Так блистательно окончилась знаменитая в летописях лицея "яблочная экспедиция". Остается только прибавить, что хотя Пушкин и не имел случая поживиться военной добычей - наливными яблоками, зато верный друг его Пущин братски поделился с ним своей долей.
Побежденные, однако, не убоялись сделанной им победителями угрозы. В следующее же утро Броглио был вызван на квартиру директора. Здесь его попросили в кабинет.
Перед Энгельгардтом, сидевшим в кресле за письменным столом, стояли два мужика: старик и молодой парень. Хотя накануне за темнотою Броглио и не разглядел своих двух противников, но теперь сразу понял, что это они.
- Стойте там, погодите, - сказал ему Егор Антонович, вполоборота делая ему знак рукой. - Ну, и потом что же, друг мой?
- Потом-с... - откашлянувшись, начал дядя Пахом и бросил исподлобья испытующий, сумрачный взгляд на молодого графа. - Зачал я их только этак дубасить, как с яблони-то, ровно леший, прыг мне на шею четвертый! Ошалел я; так под сердце у меня и подкатило... А он меня кулаком по башке еще здорово хлясь!..
- Ну хорошо,- с оттенком уже нетерпения перебил слишком обстоятельного рассказчика Энгельгардт. - Они вас обоих осилили?
- Как же, ваше превосходительство, не осилить, сами посудите...
- Хорошо. И чем же они кончили?
- Да кончили тем, что слово с нас взяли не вставать, доколе не выберутся, мол, из саду; а напоследок еще пообещали: коли жалиться станем - бока нам намять.
Егор Антонович обернулся к Броглио.
- Подойдите сюда, граф.
Слегка прихрамывая, тот подошел к столу. Директор взглянул на его ногу и спросил только:
- Вы узнаете, конечно, этих людей? Что вы скажете?

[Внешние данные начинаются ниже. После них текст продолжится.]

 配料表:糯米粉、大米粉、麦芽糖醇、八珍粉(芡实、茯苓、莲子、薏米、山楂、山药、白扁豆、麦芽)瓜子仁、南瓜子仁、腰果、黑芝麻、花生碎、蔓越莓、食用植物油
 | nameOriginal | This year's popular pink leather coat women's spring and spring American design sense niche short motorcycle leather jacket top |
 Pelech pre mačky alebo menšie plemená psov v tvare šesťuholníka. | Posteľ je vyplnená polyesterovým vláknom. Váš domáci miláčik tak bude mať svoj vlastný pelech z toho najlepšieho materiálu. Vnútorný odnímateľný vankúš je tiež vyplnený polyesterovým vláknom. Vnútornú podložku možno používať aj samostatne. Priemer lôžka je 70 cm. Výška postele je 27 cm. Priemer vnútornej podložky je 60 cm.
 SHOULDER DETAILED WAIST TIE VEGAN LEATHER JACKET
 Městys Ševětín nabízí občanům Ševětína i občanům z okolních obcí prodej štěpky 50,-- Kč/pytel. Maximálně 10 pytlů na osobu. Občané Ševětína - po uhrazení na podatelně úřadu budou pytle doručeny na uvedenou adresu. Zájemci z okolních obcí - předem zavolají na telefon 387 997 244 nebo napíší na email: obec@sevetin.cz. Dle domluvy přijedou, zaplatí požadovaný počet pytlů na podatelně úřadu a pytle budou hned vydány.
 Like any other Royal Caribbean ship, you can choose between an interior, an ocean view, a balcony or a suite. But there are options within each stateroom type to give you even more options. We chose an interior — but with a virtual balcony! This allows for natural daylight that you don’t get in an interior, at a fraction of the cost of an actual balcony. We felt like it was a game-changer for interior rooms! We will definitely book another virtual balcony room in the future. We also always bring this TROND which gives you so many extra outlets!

Броглио искоса окинул жалобщиков надменным взглядом и затем с холодною вежливостью ответил:
- Я не слышал начала, Егор Антоныч, и потому не понимаю даже вашего вопроса.

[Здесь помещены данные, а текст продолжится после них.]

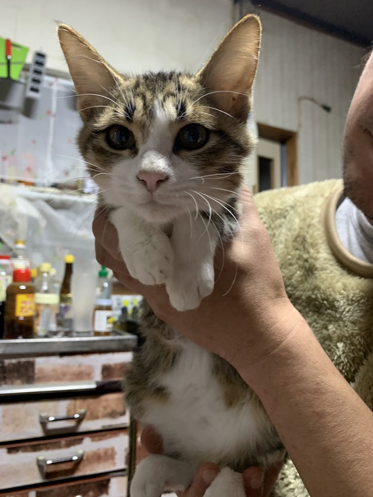 体格は小さめなのですが、おそらく5か月くらいとの事。毛並みも綺麗でトイレもばっちりなので、もしかしたら近所の家から逃げてきたのかも。
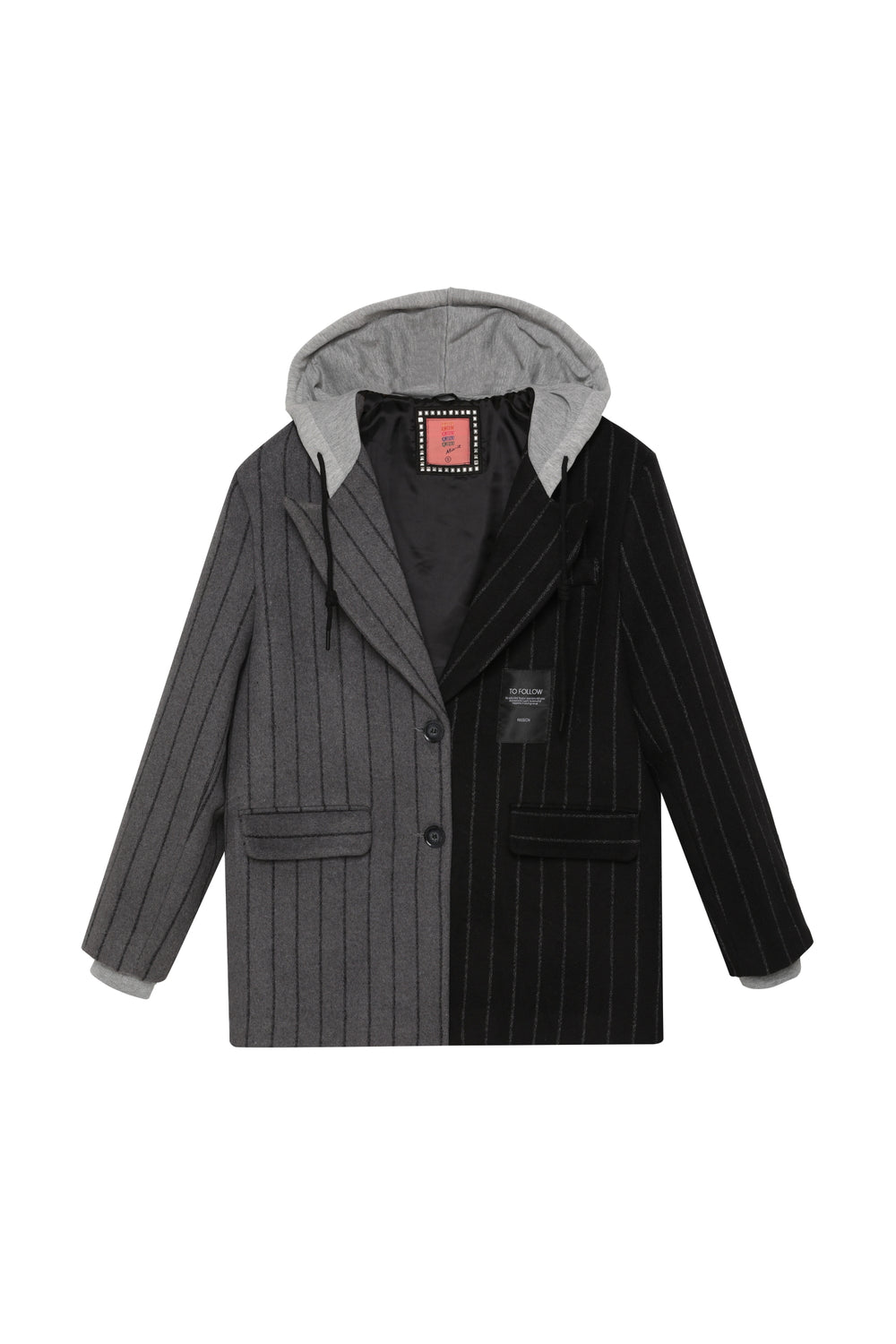 İki renk bloklu, kapüşonlu ip detaylı, çift cepli, önü etiket baskılı, içi astarlı, sırtı taş aksesuar baskılı, çizgili blazer ceket.

- Он! Он самый! - злорадно вскричал тут дядя Пахом.
- Он! Он! - как эхо загорланил за ним Митька.
- Какой он? - спросил Энгельгардт.
- Да атаман их, ваше превосходительство, - отвечал Пахом. - По голосу сейчас признал. Сам себя атаманом называл; да он же и мне тогда чертом на шею вскочил. Ну, сударь, кулаки же у тебя! Что наши мужицкие... Да не ты ли, батюшка, и соловьем-то щелкал?
- Я полагаю, граф, что вы не станете теперь напрасно отпираться? - заговорил Энгельгардт по-французски. - Вас узнали по голосу и по соловьиному свисту; вы и в играх с товарищами всегда бываете атаманом; вы со вчерашнего дня храмлете; вы вчера отлучались в город; ваш мундир, наконец, только что чинится портным Малыгиным, потому что на нем с вечера почему-то лопнуло несколько швов. Видите, сколько явных улик; довольно, я думаю, с вас?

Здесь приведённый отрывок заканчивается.